Chief among the challenges to making the transition is balancing load on the grid, meaning matching supply to fluctuating (and likely increasing) demand. One piece of the load challenge is storing energy from renewables so the grid can handle extreme events in the absence of the steady power provided by fossil fuels. Answers could come from grid-scale batteries and other options, such as pumped hydropower. The latter uses wind or solar to lift water to a higher elevation in a kind of large-scale battery of stored water, from which water can later be released. Gravity does the work as the water flows through a hydropower generator to generate electricity. Limitations on water availability could be a factor, though.
One regional opportunity for renewable energy that can provide steady power without the need for grid-scale batteries is geothermal, which takes advantage of the elevated temperatures beneath much of the I-WEST region. Although current technology and economics have limited the deployment of geothermal energy in the region, new technologies are being explored and developed that could significantly increase the use of geothermal in getting the region to carbon neutrality.
Other challenges include limited transmission capability to move electricity from new sources to end users.

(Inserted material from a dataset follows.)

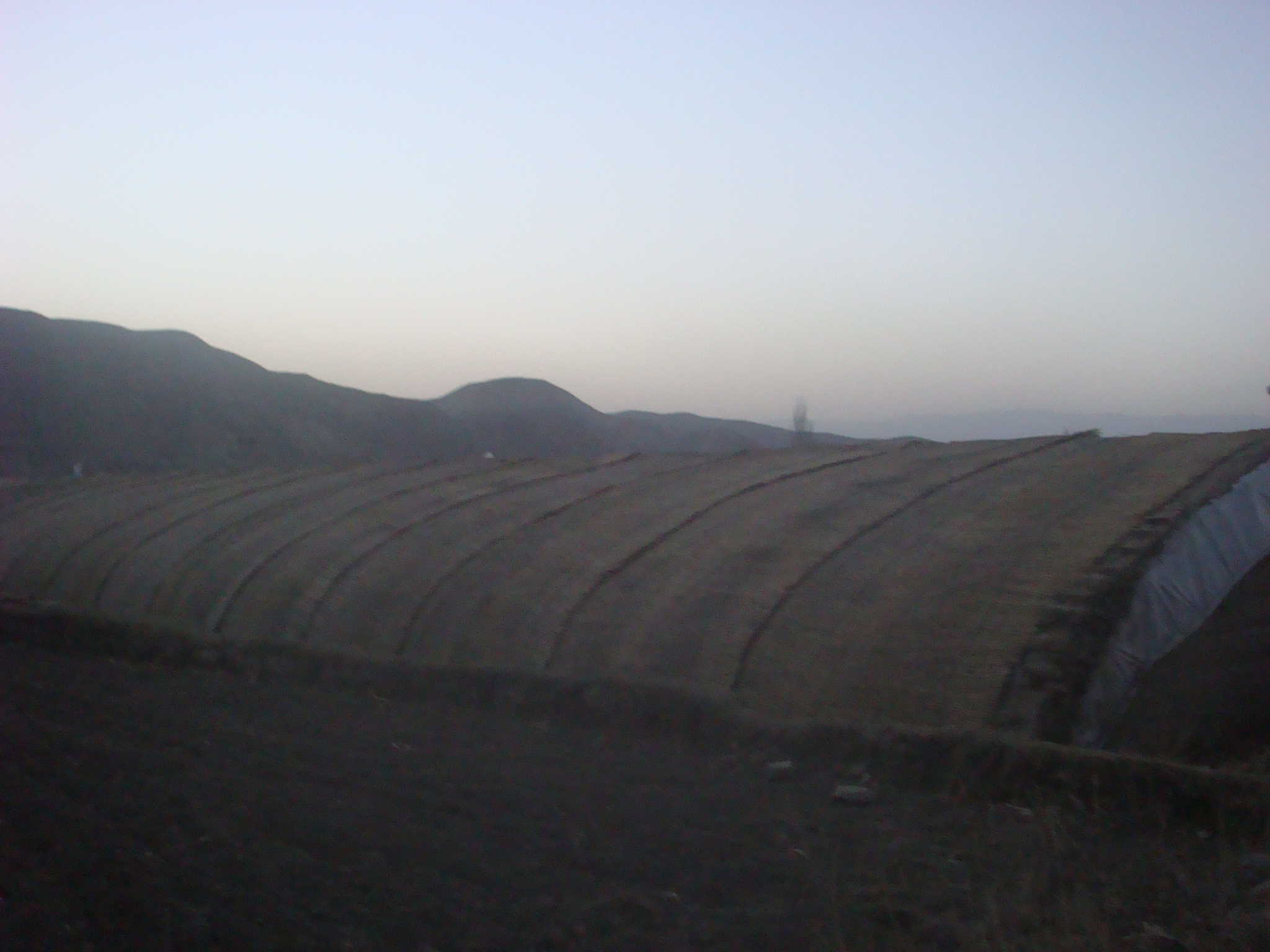 日光温室总体像一个圆柱体的四分之一,他是白铁丝竹子等构成的,他的温度有时达到30度,有时只有七八度,棚中跟棚外的温度也有很大的差异,比如上午棚中的温度可以达到30度,而棚外只有区区几度,日光温室需要每天早上拉起草帘子,以便阳光射进棚中,提高棚内温度,上午要打开放风口,为了减小棚内的温度,避免温度太高,烧坏植物,到了下午再盖上草帘子,以保持棚中的温度,以免冻死植物。

Another is the lack of a region-wide pricing structure, which leads to perhaps the biggest factor in the switch to carbon-neutral energy: cost. Economics will drive every decision. Many of the costs to deploy these new technologies will be passed to the consumer through rates, and regulating bodies must approve those rates. That doesn’t mean everyone’s electric bill is going to jump sky high—electric utilities routinely make new investments that are paid off by rates—but solving these issues will require new approaches at every level.
Adapting the regional grid to these challenges will require careful, system-wide planning. Los Alamos, which has decades of experience researching the grid’s vulnerabilities and optimizing its structure and operation to maintain grid resiliency, is well positioned to lead this part of the I-WEST initiative in partnership with stakeholders across the region.
“It won’t be one single technology that gets us to carbon neutrality,” Ewers said. “It will be a range of solutions.”